■ **Task item**
Beginning with the line that holds "Затем добавить порционно", copy each line through the end of the material below, exactly and with no pictures.

■ **Dataset excerpt**
--- START ---

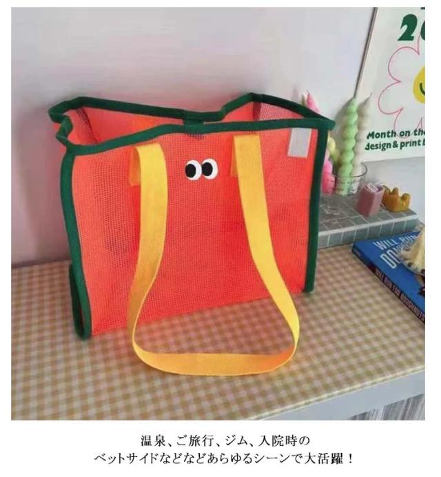 | メッシュで通気性がバツグンなメッシュトートバッグです。 化粧品、スキンケアからネイルケアまで細かな身の回り品も一緒に収納しちゃえます。 とても軽いので畳んで収納すれば旅行や出張などにも手軽に持って行けます。 温泉、ご旅行、ジム、入院時のベットサイドなどなどあらゆるシーンで大活躍! | |
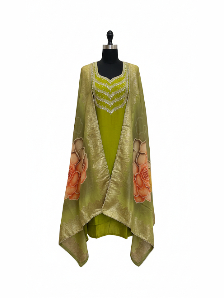 & Free ShippingIlluminate your festive wardrobe with this striking lime-green ensemble. A perfect harmony of luxurious textures and traditional craftsmanship, this set is designed for high-profile celebrations, festive dinners, and wedding events.
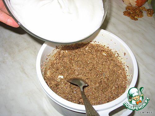 Затем добавить порционно белковую пену и осторожно перемешать.
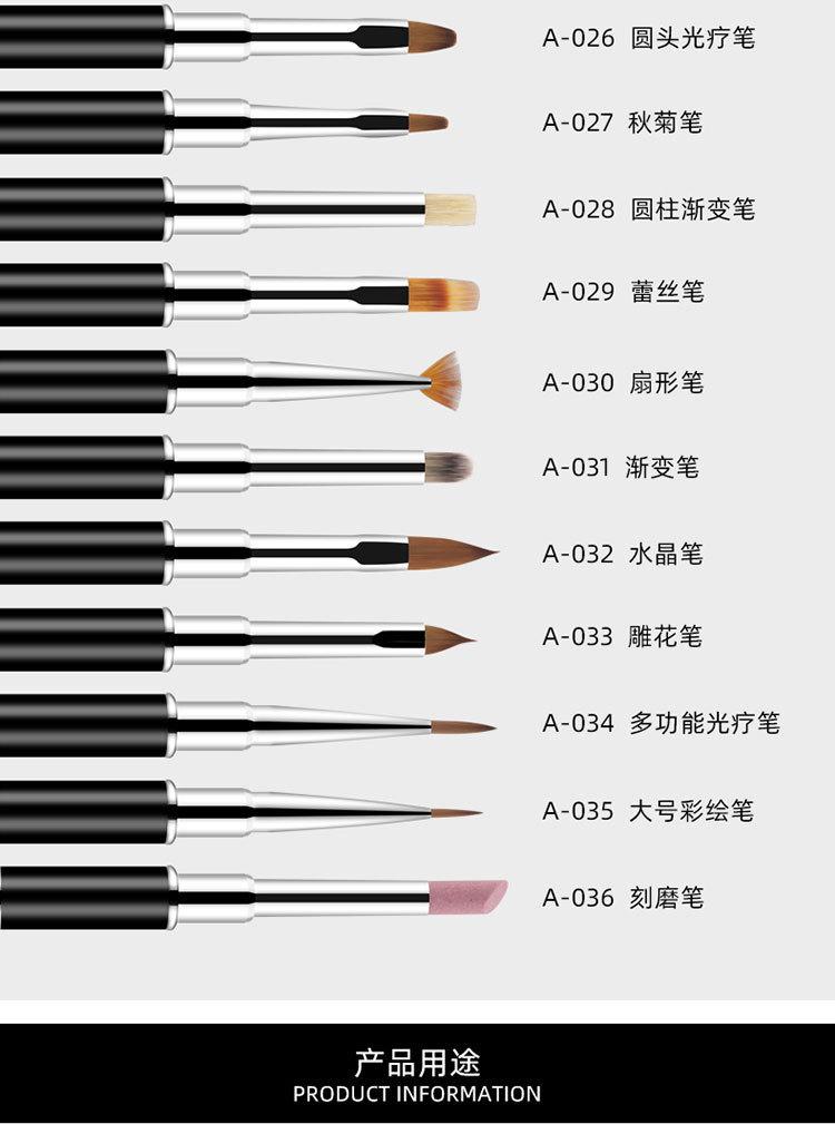 Juego de pinceles para nail art con herramienta de pluma pintada al por mayor, juego completo de pincel degradado para terapia de luz de cabeza redonda, bolígrafo de trazo muy fino

--- END ---

■ **Solution to this task**
 Затем добавить порционно белковую пену и осторожно перемешать.
 Juego de pinceles para nail art con herramienta de pluma pintada al por mayor, juego completo de pincel degradado para terapia de luz de cabeza redonda, bolígrafo de trazo muy fino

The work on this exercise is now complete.